GOOD ARTICLE ON MAORI SEPARATIST RAIDS

maori-protest.jpgThe Maori resistance
Most outsiders think that New Zealand’s indigenous people are well integrated into a liberal state. But the arrest of an alleged terrorist cell has put the focus on the injustices suffered by the Maori. Jon Henley reports
Tuesday November 6, 2007 Guardian


Henry Williams (b February 11 1782, Nottingham, d July 16 1867, Pakaraka, Bay of Islands) is as good a place to start as any. A rotund, bespectacled and doubtless well-intentioned former navy man, the Rev Williams was a missionary who had been busy winning antipodean souls for Jesus since 1822. By February 1840, when the first lieutenant-governor of what would very soon become Britain’s newest colony landed in New Zealand, Williams was leader of the Church of England’s mission there. He must have seemed like just the man to translate a landmark treaty between the Crown and the Maori chiefs.
Unfortunately, he was not. Or at least, he may have been from the British point of view, but he most definitely was not from the Maori’s. And if last month, more than 140 years after his death, a shocked New Zealand woke up to the news that 17 Maori rights activists had been arrested on weapons and terrorism offences following the discovery of “paramilitary training camps” in the remote mountain ranges of North Island, it is not entirely fanciful to suggest that the late reverend should bear at least some of the blame.

Sixteen people are on trial in Auckland district court following the raids, the culmination of a year-long police undercover operation that involved up to 300 officers and was centred on the isolated North Island hamlet of Ruatoki, gateway to the Urewera mountains that are home to the fiercely independent Tuhoe tribe. The raids followed sightings of “armed men in camouflage and balaclavas moving through forests carrying heavy packs and firearms”. There are unconfirmed claims that among the weapons seized was a napalm bomb, or perhaps some molotov cocktails, and rumours that the prime minister, Helen Clark, may have been a target.

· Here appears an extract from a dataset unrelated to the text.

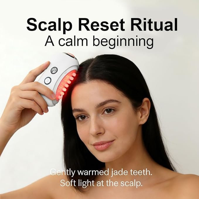 - 【3-in-1 Multi-Surface Design for Face, Neck, Eye & Scalp】This facial massager features three dedicated surfaces so one tool can care for your face, neck ,eye and scalp: jade particles are smooth and delicate, offering a gentler experience compared to ordinary scalp massagers. Consistent use helps strengthen the scalp's barrier function. The rose quartz eye massager provides precise care for the eye area, effectively reducing dark circles, under-eye fine lines, and puffiness. The stainless steel gua sha edge, with its excellent thermal conductivity, soothes and relaxes, helping you gently sculpt your facial contours during a 10-minute at-home treatment.

One of the men arrested has reportedly told police he was training to be “a vicious, dangerous commando”, would “declare war on this country very soon”, and that “white men are going to die here”. Another, a colourful Maori and Tuhoe activist called Tame Iti – previously best known for baring his buttocks at public protests and shooting at the New Zealand flag – is said to have been preparing an IRA-style “war on New Zealand” aimed at establishing an independent state on his tribe’s land. One New Zealand paper, the Dominion Post, has claimed Iti’s 20-strong group was known as Rama – the Maori word for enlightenment – and included ex-New Zealand army Vietnam war veterans as well as several teenaged recruits. It had adopted the IRA’s Green Book as its training manual, the paper claimed.

Quite how much of all this will ever be proved true is anyone’s guess. Claims and counter-claims have been flying furiously since the first raid a fortnight ago: Maori leaders are livid at what they say is police heavy-handedness; some have suggested that the camps (if they exist at all) were harmless bushcraft retreats. Pita Sharples, leader of the country’s Maori party, says the raids have “set race relations back 100 years”. Meanwhile, the rightwing NZ First party has called on moderate Maori to “disown their subversive and divisive sub-culture”.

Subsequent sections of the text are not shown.